# EXERCISE PROMPT
From the first line of the listing below to the line with "삼성생명 가와무라 미유키(가운데)가", print each line exactly, and nothing more. Leave out the pictures.
** Opening SUPPLIED MATERIAL block **
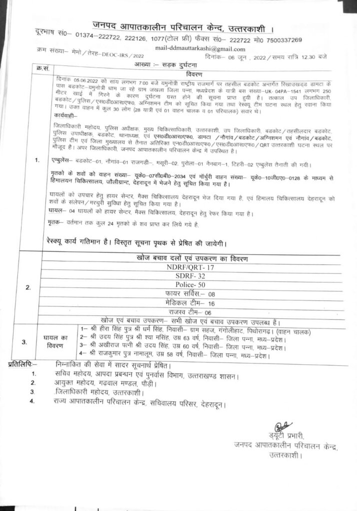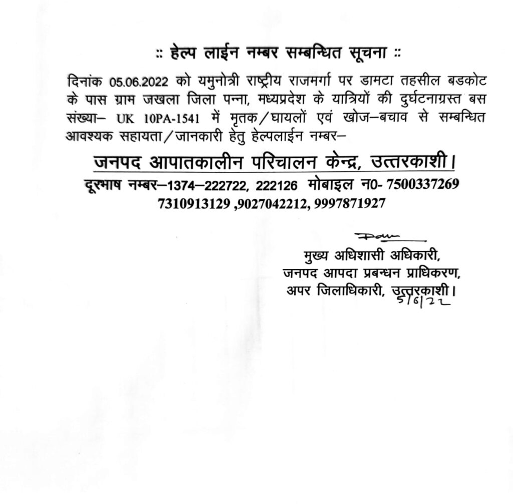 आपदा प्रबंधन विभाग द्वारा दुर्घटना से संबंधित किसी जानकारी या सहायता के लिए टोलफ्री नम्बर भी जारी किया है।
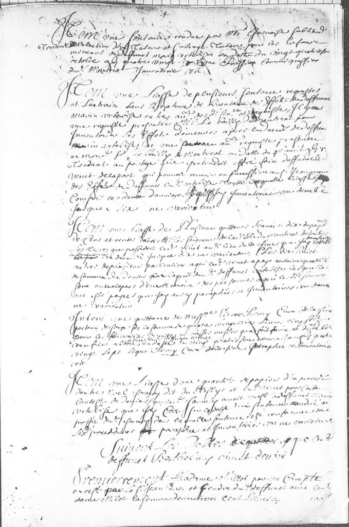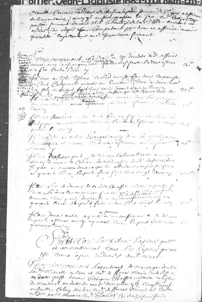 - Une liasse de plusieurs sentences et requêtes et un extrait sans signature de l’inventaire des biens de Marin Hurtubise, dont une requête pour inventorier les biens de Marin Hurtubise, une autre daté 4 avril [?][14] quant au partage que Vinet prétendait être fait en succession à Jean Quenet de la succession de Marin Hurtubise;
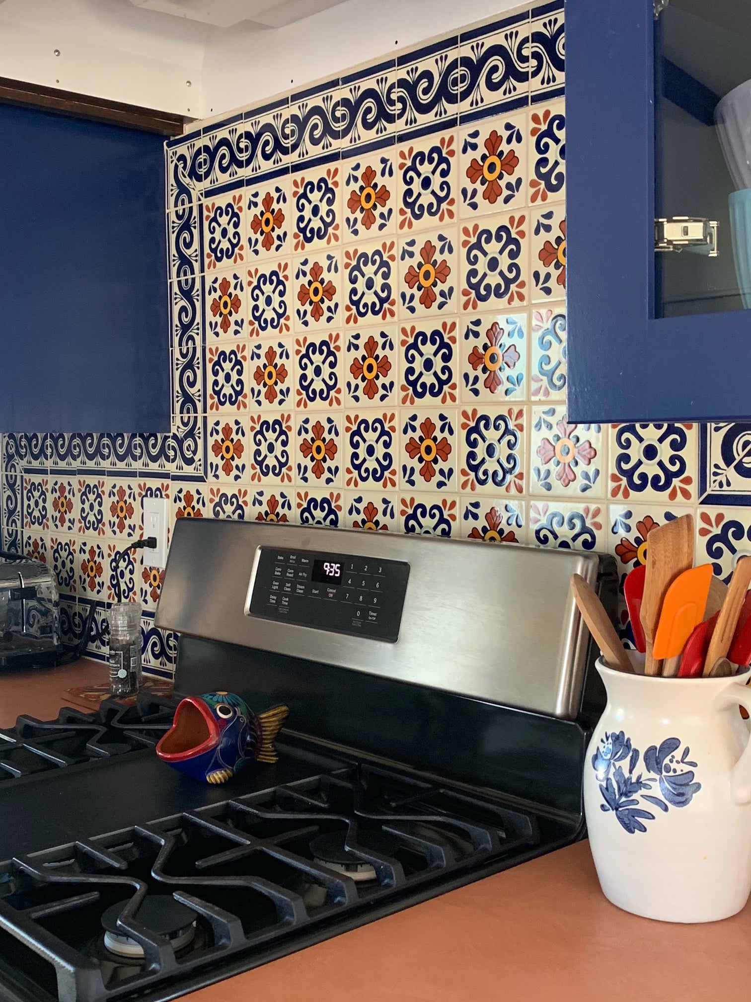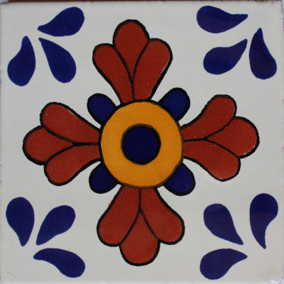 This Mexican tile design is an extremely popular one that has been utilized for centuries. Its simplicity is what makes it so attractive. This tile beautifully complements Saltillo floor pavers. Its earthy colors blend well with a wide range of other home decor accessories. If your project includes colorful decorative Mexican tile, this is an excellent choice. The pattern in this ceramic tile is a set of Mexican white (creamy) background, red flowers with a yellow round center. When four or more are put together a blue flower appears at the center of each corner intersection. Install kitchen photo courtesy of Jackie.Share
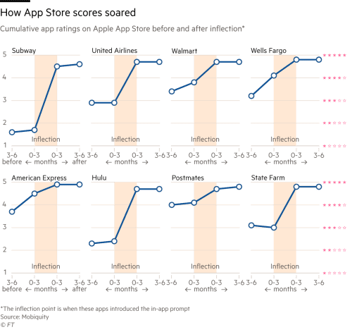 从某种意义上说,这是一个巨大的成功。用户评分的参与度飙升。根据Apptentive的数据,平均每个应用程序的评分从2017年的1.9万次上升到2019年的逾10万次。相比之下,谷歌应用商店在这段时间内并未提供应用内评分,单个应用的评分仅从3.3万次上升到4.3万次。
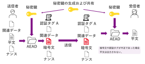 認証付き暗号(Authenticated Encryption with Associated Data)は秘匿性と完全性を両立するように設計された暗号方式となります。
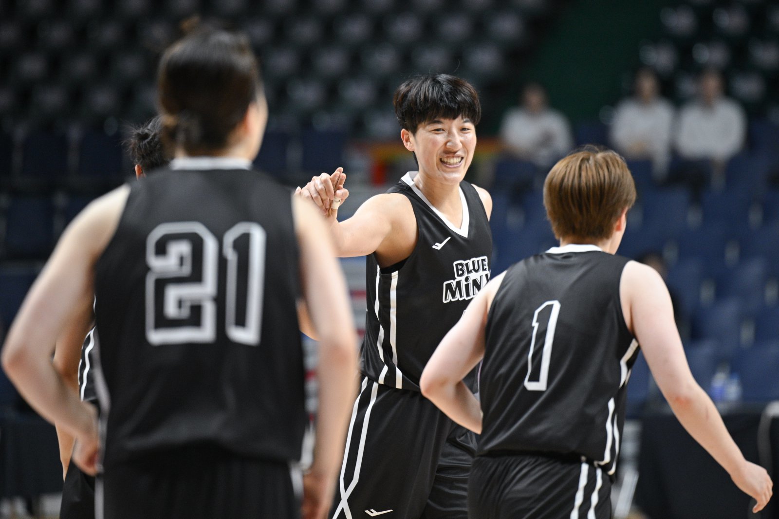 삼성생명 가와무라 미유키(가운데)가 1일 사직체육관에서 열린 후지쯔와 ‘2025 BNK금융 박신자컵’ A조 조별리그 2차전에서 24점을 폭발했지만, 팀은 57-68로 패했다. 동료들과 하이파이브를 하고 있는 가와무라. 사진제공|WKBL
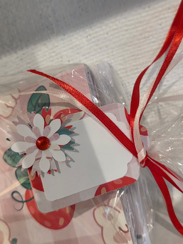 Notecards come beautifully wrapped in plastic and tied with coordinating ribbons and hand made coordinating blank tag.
** Closing SUPPLIED MATERIAL block **
# WRITTEN ANSWER
 आपदा प्रबंधन विभाग द्वारा दुर्घटना से संबंधित किसी जानकारी या सहायता के लिए टोलफ्री नम्बर भी जारी किया है।
 - Une liasse de plusieurs sentences et requêtes et un extrait sans signature de l’inventaire des biens de Marin Hurtubise, dont une requête pour inventorier les biens de Marin Hurtubise, une autre daté 4 avril [?][14] quant au partage que Vinet prétendait être fait en succession à Jean Quenet de la succession de Marin Hurtubise;
 This Mexican tile design is an extremely popular one that has been utilized for centuries. Its simplicity is what makes it so attractive. This tile beautifully complements Saltillo floor pavers. Its earthy colors blend well with a wide range of other home decor accessories. If your project includes colorful decorative Mexican tile, this is an excellent choice. The pattern in this ceramic tile is a set of Mexican white (creamy) background, red flowers with a yellow round center. When four or more are put together a blue flower appears at the center of each corner intersection. Install kitchen photo courtesy of Jackie.Share
 从某种意义上说,这是一个巨大的成功。用户评分的参与度飙升。根据Apptentive的数据,平均每个应用程序的评分从2017年的1.9万次上升到2019年的逾10万次。相比之下,谷歌应用商店在这段时间内并未提供应用内评分,单个应用的评分仅从3.3万次上升到4.3万次。
 認証付き暗号(Authenticated Encryption with Associated Data)は秘匿性と完全性を両立するように設計された暗号方式となります。
 삼성생명 가와무라 미유키(가운데)가 1일 사직체육관에서 열린 후지쯔와 ‘2025 BNK금융 박신자컵’ A조 조별리그 2차전에서 24점을 폭발했지만, 팀은 57-68로 패했다. 동료들과 하이파이브를 하고 있는 가와무라. 사진제공|WKBL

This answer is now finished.